Figure 3 – Doctors practising on a model human

5) Non-Invasive Glucose Monitoring Let us take another application of Tele-medicine where glucose monitoring of patients is done remotely. Currently, the people who suffer from diabetes use a blood glucose monitoring method. This kind of method may discourage patients to check sugar level regularly. But what if we tell you, all you have to do in this non- invasive method, is open your eyes and look. Seems unbelievably easy, right? This is done by analyzing the optical angular difference and the energy difference obtained using the method. The credit for this non-invasive glucose monitoring method goes to the Taiwan Biophotonic Corporation, for which their patent (Patent No. – US10631763B2) was recently granted. Another company working to develop a non-invasive way to measure blood glucose levels using an optical device is Lein Applied Diagnostics.

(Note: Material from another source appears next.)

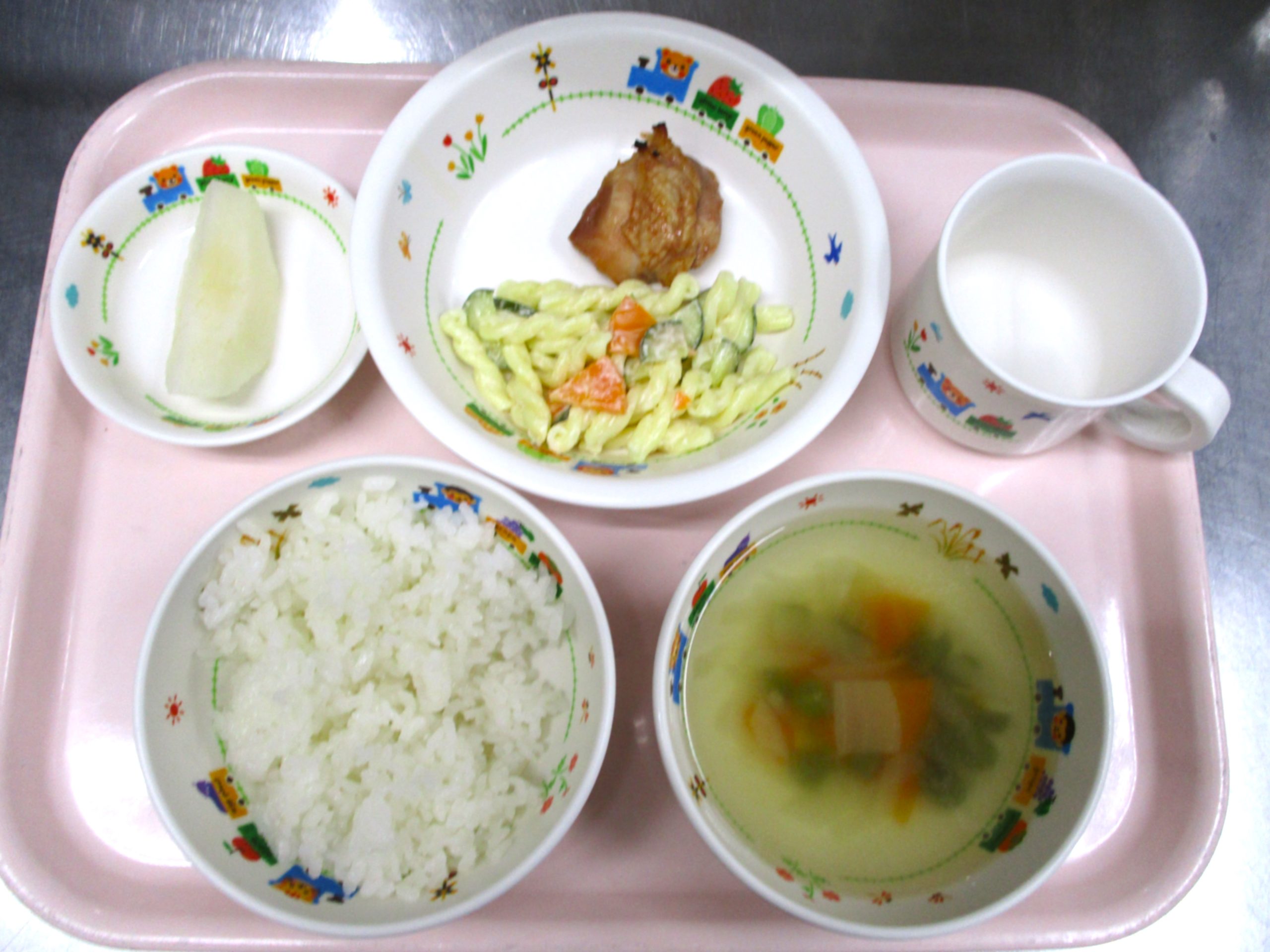 2024.08.07 BBQチキン 大宮たんぽぽ保育園 今日の給食 🍚ごはん🍲コンソメスープ🍗BBQチキン🥗マカロニサラダと 伊奈産の梨『幸水』のデザート付 いただきます。 -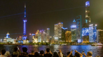 4月13日,在意大利米兰,参展嘉宾观看米兰设计周贵州工业设计城展区陈列的运用贵州蜡染工艺制作的牛仔裙。

While we discussed number of application areas of Tele-medicine, an additional dimension that is covered by Telemedicine is the factor of embarrassment or hesitation in patients. Certain diseases like AIDS, erectile dysfunction, etc. are considered taboo in the society and the patients suffering from it are often embarrassed to get themselves checked. Telemedicine provides the privacy that these patients require.

Telemedicine – A new normal for Healthcare
The COVID-19 pandemic has stretched healthcare systems to the brink. All our headlines might be occupied with Coronavirus, but patients are still getting sick due to other diseases and injuries. This has led doctors to look for other ways to treat them while minimizing contact. This is where Telehealth plays an imperative role. Start-ups like Teleclinic, Zavamed, Kaiku Health, and many more have boomed since the inception of COVID-19. Roy Schoenberg, CEO of Amwell, in a conversation with Healthcare Dive, said, “There are generations where nothing happens. There are decades where nothing happens. And there are weeks when decades happen and that’s exactly what we’ve gone through.”

Long story short, Telemedicine can be the new face of healthcare. We hope that you are keeping up with the pace!